Wed Apr 30 07:39:34 CEST 2008

Jim Jewett writes:
 > I think "standard repertoire based on Unicode" may be confusing the issue.

By "standard repertoire" I mean that all Pythons will show the same
characters the same way, while "based on Unicode" is intended to mean
looking at TR#36 and TR#39 in picking the repertoires.

 > As I understand it, you're saying something like
 > 
 >     For strings, repr will delegate to display_string.

Er, I'm not familiar with such a function....  What I have in mind is
that for string display, repr will have a large, standard set of
characters that it sends directly to output, and a set that it
\u-escapes for the purpose of avoiding ambiguity.  These sets are
always defined the same way for any Python.

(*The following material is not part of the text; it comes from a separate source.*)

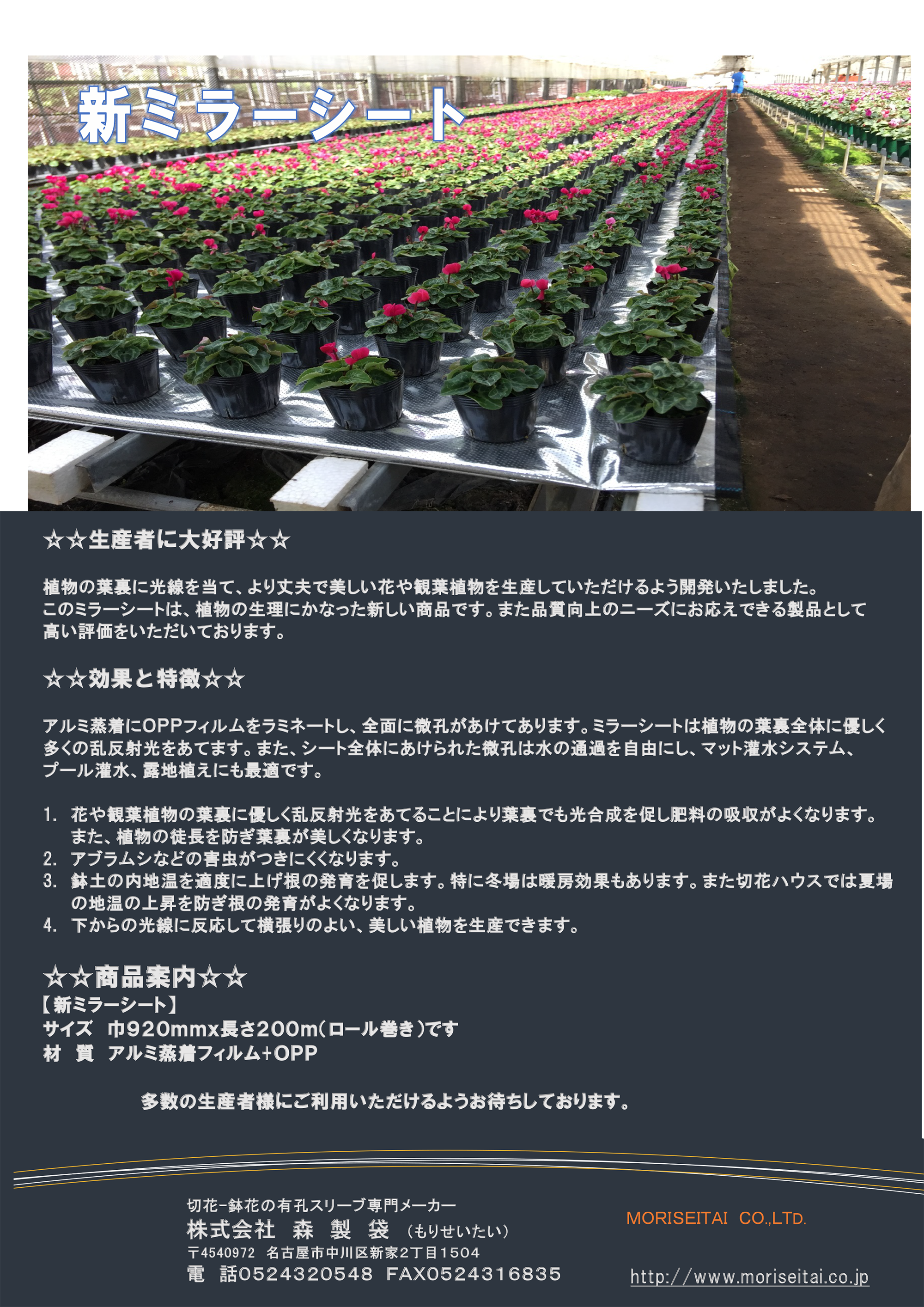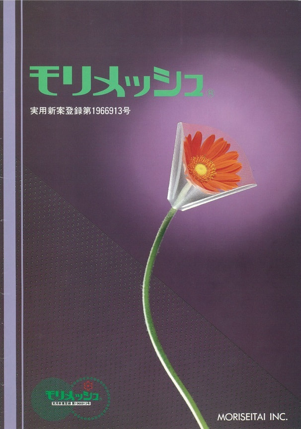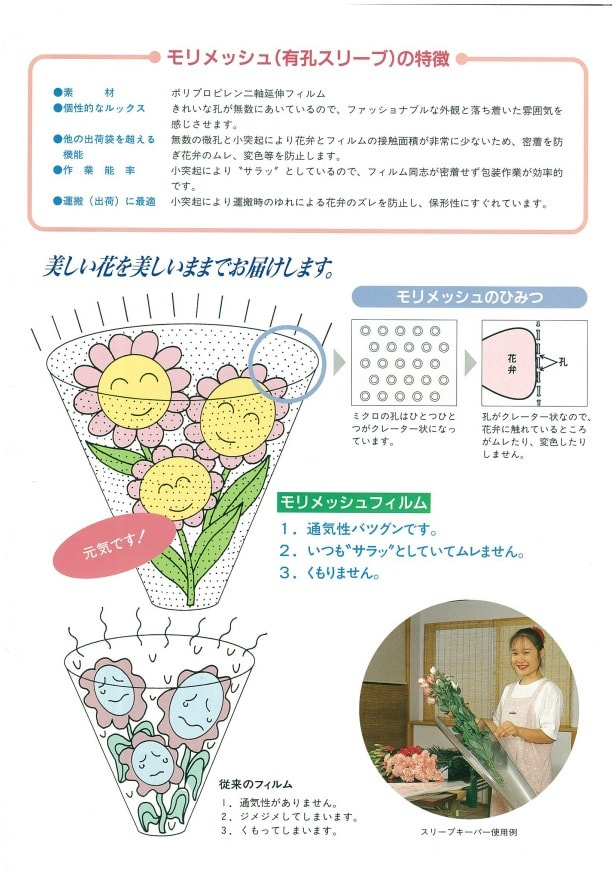 モリメッシュは生花用の通気包材です。ポリプロピレン製フィルムに独自の技術で孔を設け通気性を確保し生花の鮮度を保ちます。当初は切花の出荷用三角袋(保護フィルム)として開発されました。数々の改良を加え現在では鉢花出荷用三角袋、切花店頭用花袋など生花全般に保護フィルムとして幅広く使用されています。
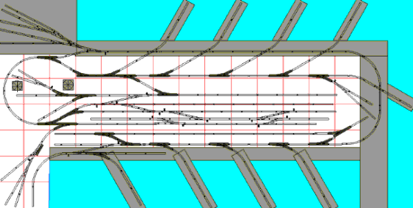 Here is the basic layout, using standard switches (gray) and #4 switches, 15" radius curves and 30 degree crossovers. The yard in upper left can be a sort of staging area for carloads brought in via the rightmost spur. It can also service a local portside industry. The yard at lower left and center is the interface with a main freight railroad. Note that there is a reversing track inside the loop. You would do best to insulate track inside the half-dogbone. The sidings inside the left loop are engine and car facilities for the port railway. |

For people for whom the standard display would be painful (eg,
Cyrillic users and Greek users), there would be an optional
post-processor (basically a codec) which would translate some
\u-escapes to characters, and should also translate the conflicting
characters (ie, ASCII in the case of Cyrillic and Greek) to
\u-escapes.

 >     Users can (and should) supply a display_string function
 > appropriate to their own system.

"Can", yes, but only on a "consenting adults" basis.  They should not
do so in most cases.

 >     The default display_string will display ASCII, and unicode-escape
 > everything else.

Definitely not.  The default should try to display anything that can
be displayed unambiguously.  If we don't do that, *nobody* will use
the default except us semi-lingual Americans, and there would be no
point in having a standard repertoire.

For practical purposes, the only scripts I know of where there will be
real problems are Cyrillic and Greek, because they share glyphs with
the Latin alphabet, and by default many of their characters would be
escaped.  I'm sure there are other such scripts, of course, I don't
mean to minimize the problem.  (Some Japanese will undoubtedly
complain about their full-width "ASCII", but I have no sympathy for
that particular self-inflicted injury: they are already deprecated in
Unicode as compatibility characters.)

On the other hand, Unicode was careful to assemble a unified set of
Latin characters.  Although some like the Angstrom symbol do have
compatibility encodings, I don't think that's a major worry.  The vast
majority of Asian characters (loosely defined, including not only the
Han ideographs but the radicals, Korean Hangul, Japanese and Chinese
syllabaries, etc) are going to be readable, too (for those with
appropriate fonts).